Kamis, 07 Februari 2008

Laparoscopic Surgery for Uterovaginal and Vaginal Prolapse



The prolapse of uterus and vagina is one of the most frustrating and embarrassing disorders confronting the modern woman, who, with increased life expectancy, is interested in maintaining her femininity and capacity for sexual activity.


A prolapsed uterus or vagina is just a manifestation of the break down in the pelvic floor supporting system, and it is nearly coexists with other type of genital prolapse such as cystocele, rectocele, and enterocele.

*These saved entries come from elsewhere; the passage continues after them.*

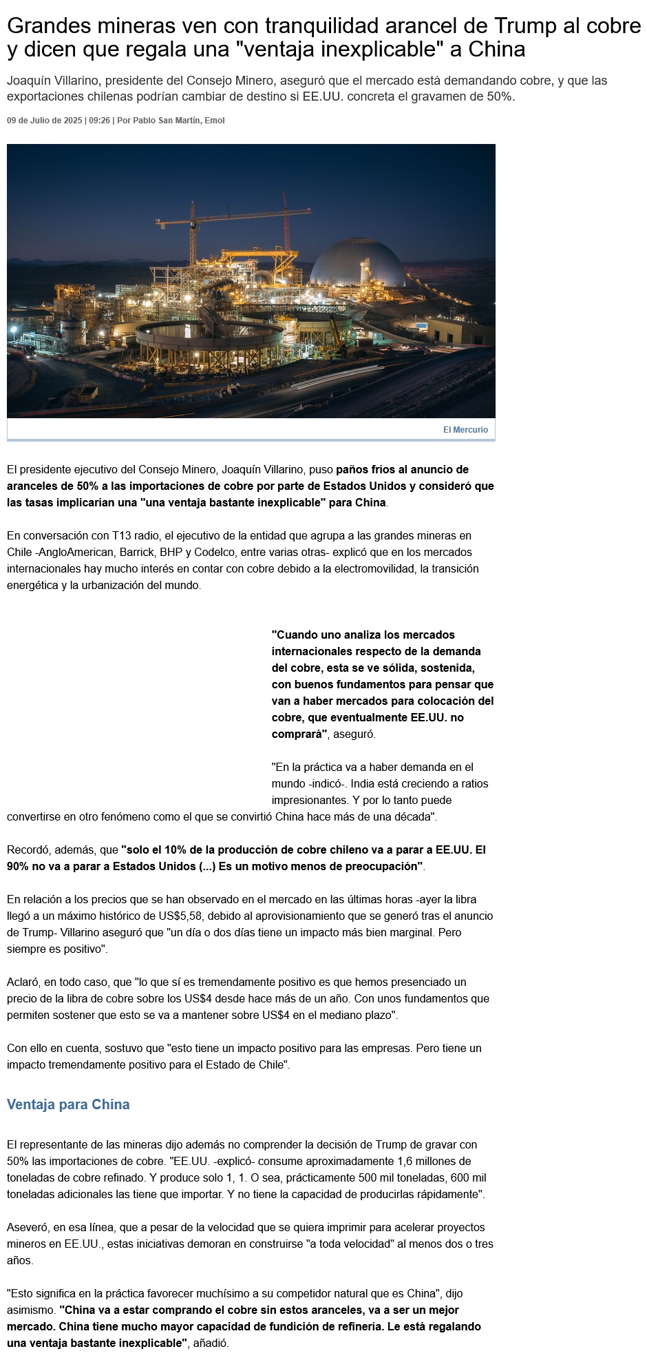 Presidente del Consejo Minero ve con calma arancel de Trump al cobre: Regala una "ventaja inexplicable" a China - (t13.cl)
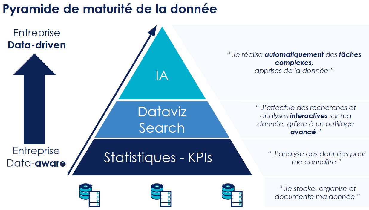 Une entreprise idéale verrait ses applications d'IA accomplir en continu des tâches à forte valeur ajoutée métier. La donnée étant la fondation de l'IA, cela la suppose fiable, un minimum mature et permettant une parfaite description de l'entreprise.
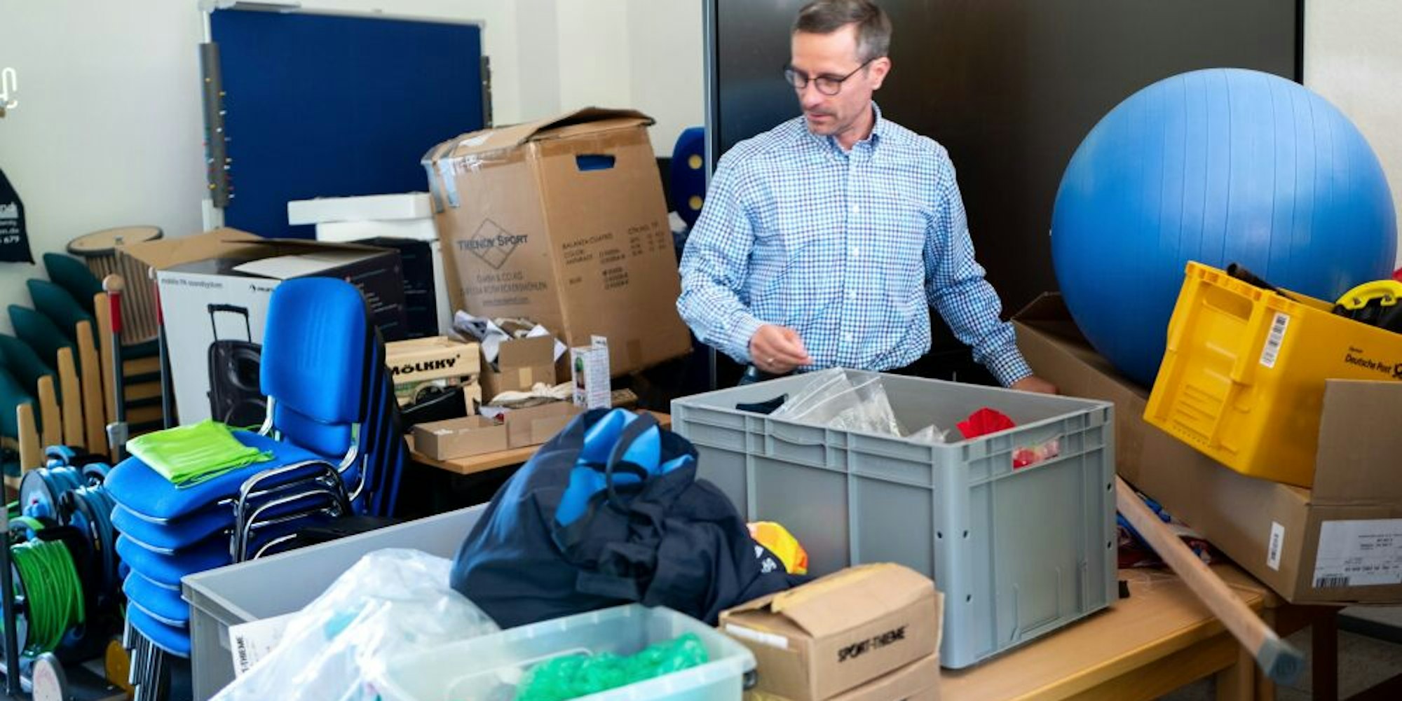 Das Materiallager des Kreissportbunds, in dem Markus Strauch steht, ist schon wieder gut gefüllt.
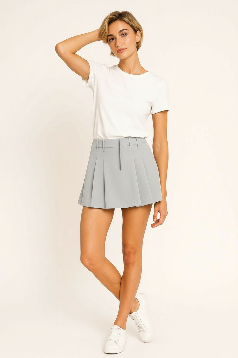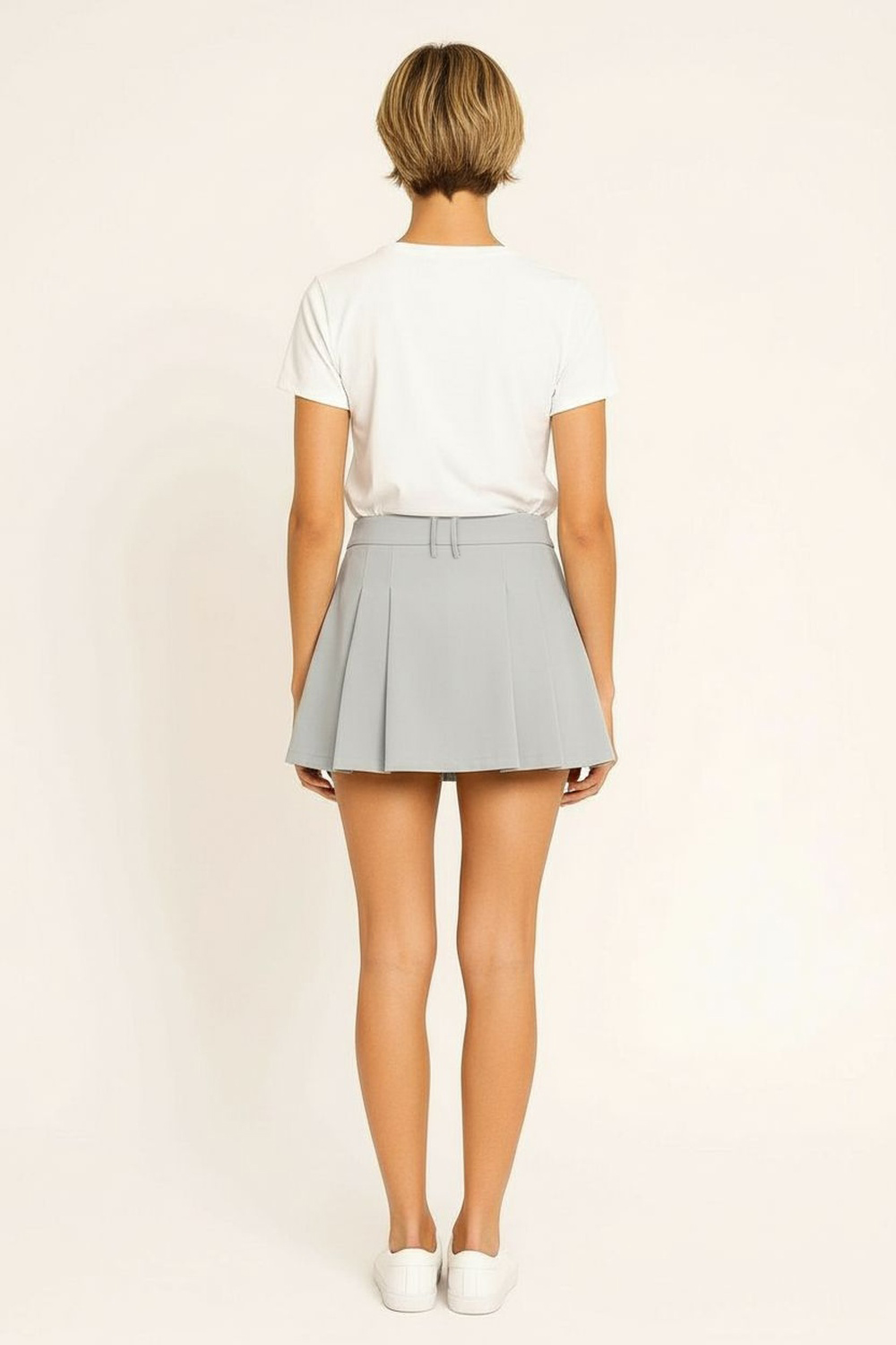 Minifalda con pretina estructurada, diseño con tablas, cierre discreto, silueta amplia, caída firme
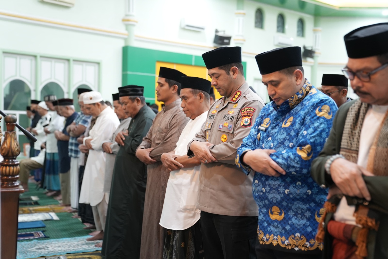 Makassar- Kapolrestabes Makassar Kombes Pol Arya Perdana, SH, SIK, M.Si menghadiri kegiatan safari Ramadhan 1446 bersama jajaran forkopimda Kota Makassar di Masid Al – Haq Jalan Abd. Dg Sirua, Komp Cv Dewi Blok F1 No 44 Kota Makassar. Senin (17/03/2025).
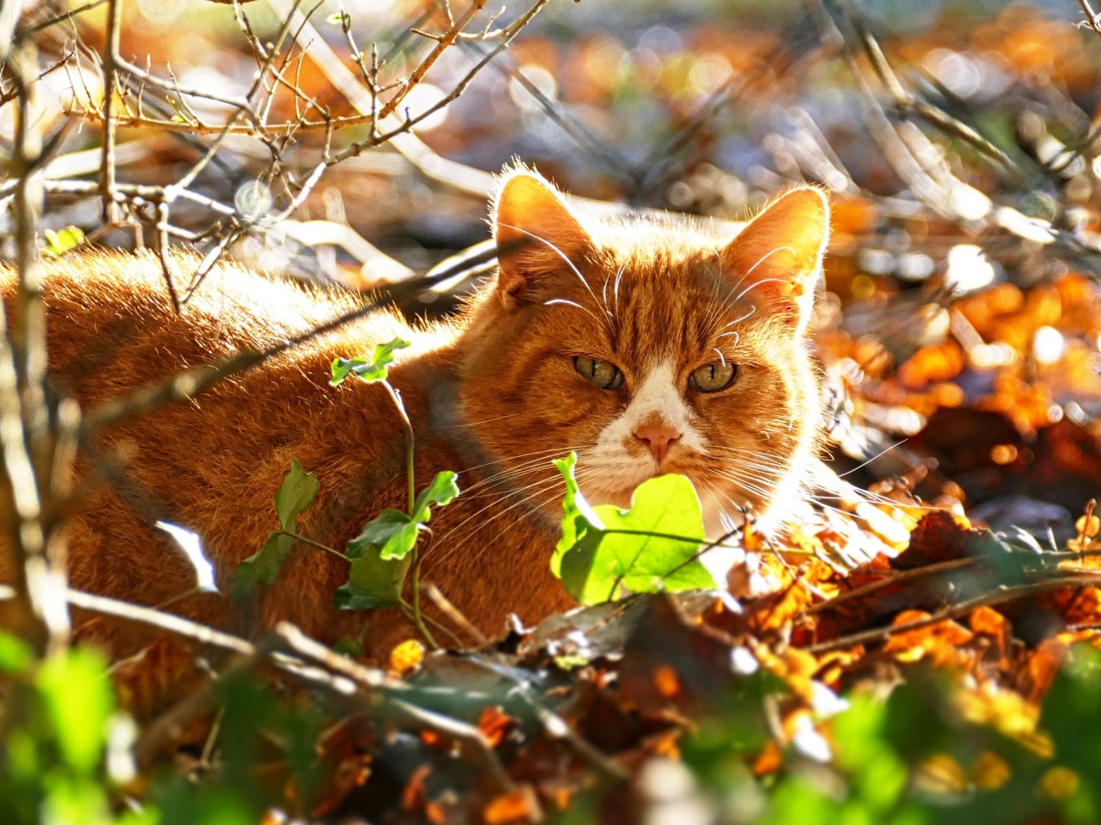 Wallpaper Beautiful ginger cat sits in foliage on a sunny day
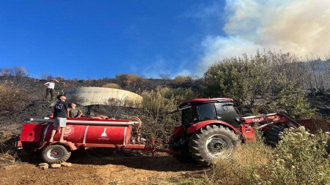 Ödemiş'in Pirinççi Mahallesi Güzdere mevkisinde, saat 15.00 sıralarında orman yangını çıktı. Çıkış nedeni henüz belirlenemeyen yangına, İzmir Orman Bölge Müdürlüğü'ne ait 3 uçak, 1 helikopter, 2 arazöz ve 1 su tankeri, İzmir Büyükşehir Belediyesi itfaiye ekipleri sevk edildi. Alevlere havadan ve karadan müdahale sürüyor. (DHA)

Therefore, the reconstructive surgery for uterovaginal or vaginal prolapse is just a part of the total repair of the pelvic floor, which is necessary for restoration of the normal anatomy and function. The length of the vagina in a normal adult female is approximately 10 - 12 cm.


In a standing female, her lower 1/3 of the vagina is pointing 90 degree to the floor and her upper 2/3 of vagina is in an angle almost parallel to the floor and directly toward her lower backbone. The vagina is basically supported on three different levels in the pelvis. The support of the upper 1/3 of vagina comes from the uterosacral ligaments, a pair of very strong fibromuscular structures that originate from lateral aspects of sacrum (the lowest part of our spine), going around the rectum and attaching to the cervix (the mouth of womb), and upper part of vagina.


These ligaments pull the top of vagina and cervix toward the sacrum and forms the normal axis of vagina. The middle third of the vagina is held in place by the lateral attachments of the fascia to the pelvic side wall. The lower third of vagina is blending into and merging with the fibromuscular tissue surrounding the opening of the vagina and anus.


It is of utmost importance for the readers to understand that the uterus, per se, has no bearing or effect on the vaginal support. In other words, a hysterectomy should not be considered as part of repair surgery for uterovaginal or vaginal prolapse unless there is distinct pathology of the uterus. In order to restore the vaginal depth and axis, all three levels of support must be attended at the time of surgery.